A *rasterizer* is a piece of software that converts arbitrary shapes
into *raster images*, which is just a funny name for rectangular grids
of pixels. A rasterizer, in some way or another, is at the heart of
pretty much every modern display technology today, from computer
displays to e-ink displays to printers both 2D and 3D (the graphics in
laser shows are the most notable exception).

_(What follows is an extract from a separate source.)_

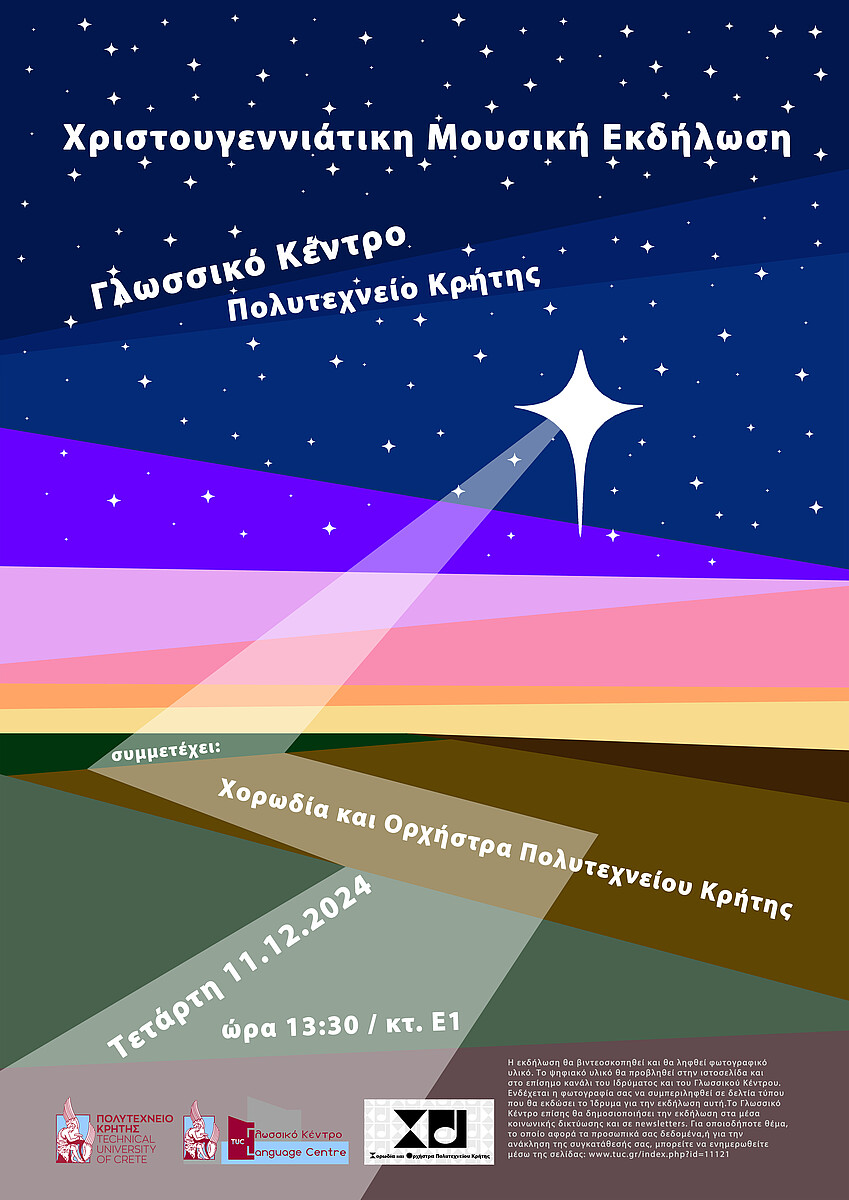 The Language Centre of the Technical University of Crete invites all TUC members to the Christmas Music Event it organizes on Wednesday, December 11, 2024 at 1:30 p.m. in the main hall of the Language Centre, in Building E1, on the 1st floor. The student group "Choir and Orchestra of the Technical University of Crete" will participate in the event.

In this chapter, I will teach you a little about how rasterizers work,
by describing `tiny_gfx`, a simple rasterizer in pure Python. Along
the way we will pick up some techniques that show up repeatedly in
computer graphics code. Having a bit of mathematical background on
linear algebra will help, but I hope the presentation will be
self-contained.

`tiny_gfx` is not practical in many ways. Besides being slow (see
below), the main shortcoming in `tiny_gfx` is that shapes are all of a
single solid color. Still, for 500 lines of code, `tiny_gfx` has a
relatively large set of features:

- alpha blending for semi-transparent colors
- polygonal shapes (possibly concave, but not self-intersecting)
(TODO: right now only convex polygons are supported)
- circles and ellipses
- transformations of shapes
- boolean operations on shapes (union, intersection, subtraction)
- antialiasing
- empty space skipping and fast rasterization of runs for general
shapes

Maybe most interestingly, shapes in `tiny_gfx` are extensible. New
shapes are easily added, and they compose well with the other parts of
the code.

A description of the current version of the code is in `doc/README.md`.

## A performance caveat

Rasterizers are so central to display technology that their
performance can make or break a piece of software, and these days the
fastest rasterizers are all based in hardware. Your videogame graphics
card (and even the cheapest smartphones these days) is rasterizing
polygons in highly parallel processors; 192 cores is a typical
number. It should be no surprise, then, that the rasterizer we will
see here is slow: if CPU-intensive tasks in Python run around 50 times
slower than heavily-optimized, low-level code, and if a graphics
driver has around 200 cores at its disposal, a slowdown of 10,000
times should not be surprising. In reality, `tiny_gfx` is closer to
1,000,000 times slower than the special-purpose graphics rasterizer
from the laptop in which I'm developing it.